Jobs Cut at Beleaguered Bear Stearns

In a statement released yesterday, New York-based Bear Sterns Cos., the second-largest underwriter of mortgage bonds, announced it is eliminating jobs at two of its divisions.

Published on August 17, 2007

``In the normal course of business Bear Stearns Residential Mortgage Corp. and Encore Credit evaluate market conditions and staffing levels in an effort to identify areas where we can eliminate redundancies and improve the efficiency of our operations.

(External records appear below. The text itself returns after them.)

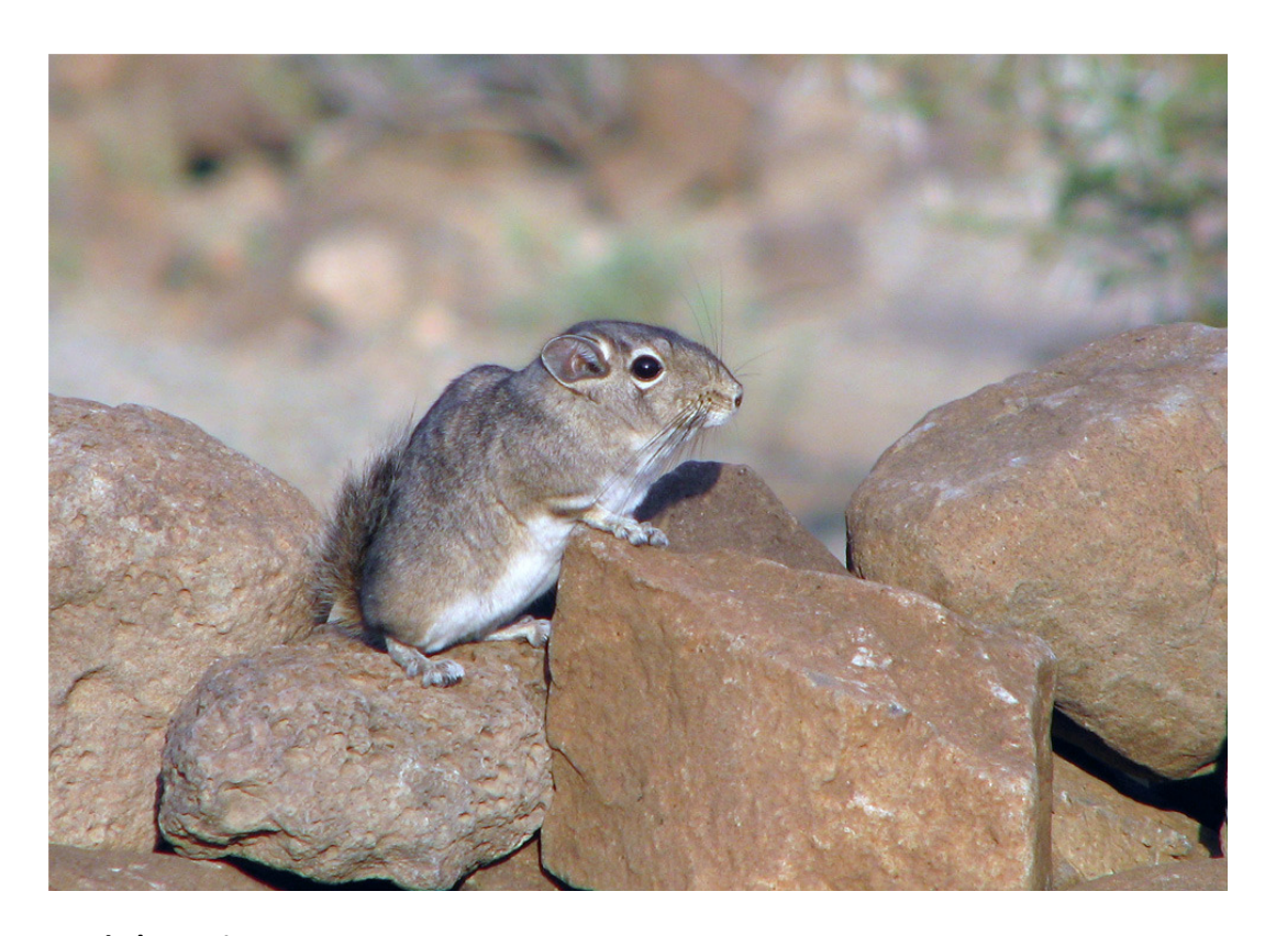
Speke's Pectinator. Assamo
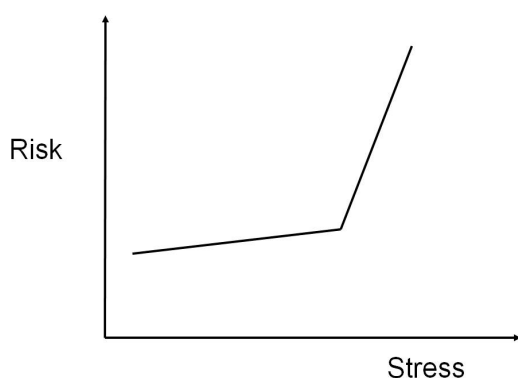
Fig. 2: Relationship between system stress and risk, holding system coping capacity constant

Increasing interconnectedness is evident in today's globalised world. Greater (and faster) connectivity is appealing, because it can boost communication, economic production and societal innovation. The connectivity of social systems allows people to exchange experiences and knowledge on an international scale, which can act as an important attenuator of risk. However, as systems become more interdependent, faster and more complex, they may also become more tightly-coupled, where the links between the components in the system are very short, meaning that each component can have an almost immediate and major impact on one or more other components in the system (see Perrow 1999). This tight coupling is synonymous with a loss of safety margins in a system, which leaves the system more vulnerable to surprises – even a small mechanical failure or accident can have grave consequences, perhaps even leading to a system breakdown (Homer-Dixon 2006).
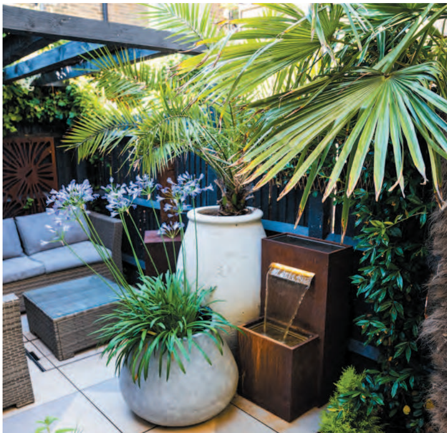
Pick evergreens with a variety of leaf shape and colour as well as ones that may have an evergreen species rather than a deciduous

Leigh-on-Sea-based Katrina Kieffer-Wells of Earth Designs shares her garden expertise

As a result we have made the decision to reduce our staffing levels and close two operation centers.'' The firm also said the workforce eliminations are also due to a new computer system that ``enables us to more efficiently serve our customers from a central location.''

A person with direct knowledge of the matter who declined to be named estimates the number of jobs cut at approximately 240 – 100 positions in Encore Credit in Irvine, California and 140 positions at Bear Stearns Residential Mortgage Corp. based in Scottsdale, Arizona. The firm’s statement did not contain that information and Renu Aldrich, a spokesperson for the firm, declined to elaborate.

Bear Stearns ranks second in the nation after New York-based Lehman Brothers Holdings Inc. among sellers of mortgage bonds, is the fifth-largest securities firm in the U.S., and the nation's 12th-largest home lender, according to Inside Mortgage Finance.

Lenders across the country are providing fewer mortgages as the housing-industry slump deepens. U.S. home prices will fall this year, the first annual decline since the Great Depression of the 1930s, according to the National Association of Realtors, based in Chicago.

After a decline in the value of mortgage-backed debt forced two Bear Sterns hedge funds into bankruptcy, the besieged firm has seen its shares decline 28 percent this year. Company CEO James Cayne ousted both Richard Martin, who managed the fund unit, and Co-President Warren Spector, who had been in charge of trading and asset management.

Amid rumors that there may be “rescue financing coming in for some of the financials, particularly for Bear Stearns,” according to an industry analyst, the firm’s shares rose $13.29, or 13 percent, to $116.44 at the end of the trading day, the stock's biggest gain since October 1998.